Gemeente Museum | Piet Mondrian and Bart van der Leck

May 3, 2017

This year is the 100th anniversary of De Stijl in modern art. To celebrate, the Gemeente Museum in The Hague created this exhibit about two painters and their two years of experimenting together that were critical to the birth of this movement. The Gemeente  (or “municipal”) Museum has one of the worlds largest collections of Mondrians and De Stijl artworks, and this show was a delight.

Similar in some ways to the collaboration between Picasso and Braque which, a few years earlier, had lead to the creation of Cubism, the interaction between Mondrian and Van der Leck would push each other artistically and make waves that would permanently change the art world.

In 1916 both of these painters were in their 40’s and were living in the village of Laren, an artist colony outside of Amsterdam. World War I was raging in Europe, and circumstances had forced Mondrian to leave Paris and return to his native Netherlands, which did not participate in the war. Both artists were looking for a “spiritual” style of painting, perhaps as a reaction to the chaos of the times.

Piet Mondrian, Church Facade: Church at Domburg, 1914

Piet Mondrian, Church at Domburg, Sketch, 1915

In the beginning  of the exhibit, you can see how both artists are starting from real world compositions which they simplify dramatically. Mondrian takes his sketch Church at Domburg and transforms it into a series of barely recognizable boxes and ovals in his final version.

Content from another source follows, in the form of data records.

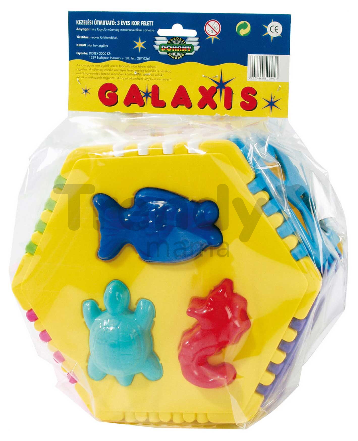 Kocky pre deti majú rôzne tvary a farby sú tam aj zvieratká, kvetinky a geometrické tvary. Rozmery detskej Čarovnej galaxie sú 25*23*17 cm. Kocky a konštrukcia sú vyrobené z kvalitného plastového materiálu, ktorý je jemný a príjemný na jemné detské rúčky. Dohány je európsky výrobca detských hračiek s dlhoročnou tradíciou, ktoré sú kvalitné a spĺňajú bezpečnostné a kvalitatívne štandardy prísnych európskych noriem. Kocky sú vyrobené vo farbách žltej, modrej, červenej, zelenej a bielej farby.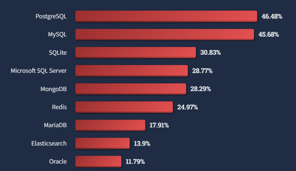 Among professional developers, MySQL and Postgres are actually tied in terms of usage: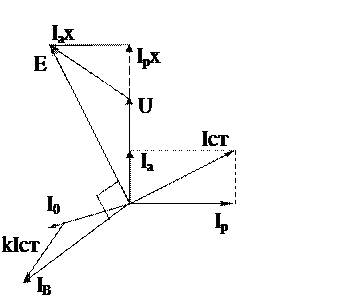 Магнитный поток х.х. создается током возбуждения Io. Магнитный поток, компенсирующий реакцию якоря, соответствует составляющей тока возбуждения kI ст. Рез-ий магн-ый поток соотв-ет полному току возб-ия Iв. Х-индуктивность рассеяния генератора.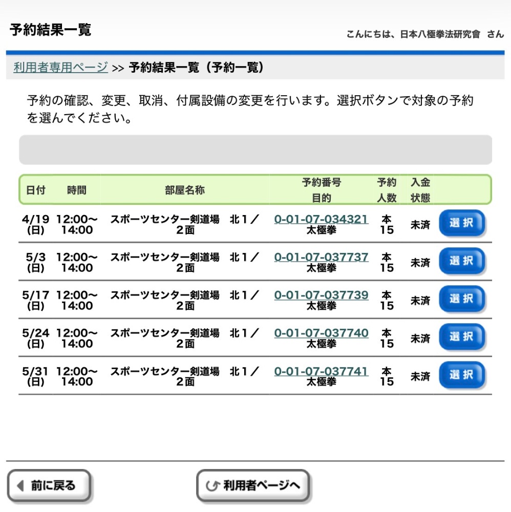 | 練習日時 | 月 | 火 | 水 | 木 | 金 | 土 | 日 |

Bart van der Leck The Storm, 1916

In 1916, Van Der Leck’s The Storm was already working in the signature colors of De Stijl — pure red, blue yellow, black and white. His figures are simplified but are still recognizable.

 

Bart van der Leck, Study for Composition 1917

Bart van der Leck, Composition 1917 NR 1 (Dog cart)

Bart van der Leck, Composition 1917 NR 2 (Dog cart)

During the years that they were together in Laren, Van der Leck began taking his simple compositions and simplifying them further into a series of red, blue, yellow and black rectangles that can only be decoded by seeing them with the original sketch.

Piet Mondrian, Composition with Grid, 1917

Piet Mondrian, Composition with Color Panes, 1917

Mondrian was also pushing boundaries, separating his painting entirely from the outside world. He started working with black grid lines, though he is still painted  shades and tints, rather than the pure primary colors of De Stijl.

Eventually the two painters would have a falling out, as Van der Leck was committed to the “open space” in his paintings, while Mondrian was paining tight grids. Van der Leck insisted on subject matter in the outside world, even if it was not evident to viewers, while Mondrian’s subject was his grids. Ven der Leck left the new De Stijl group. And fter the war ended, Mondrian moved back to Paris, and continued to evolve his abstract style. But their years together in Laren were an inflection point in art history, contributing to  a new kind of abstract art.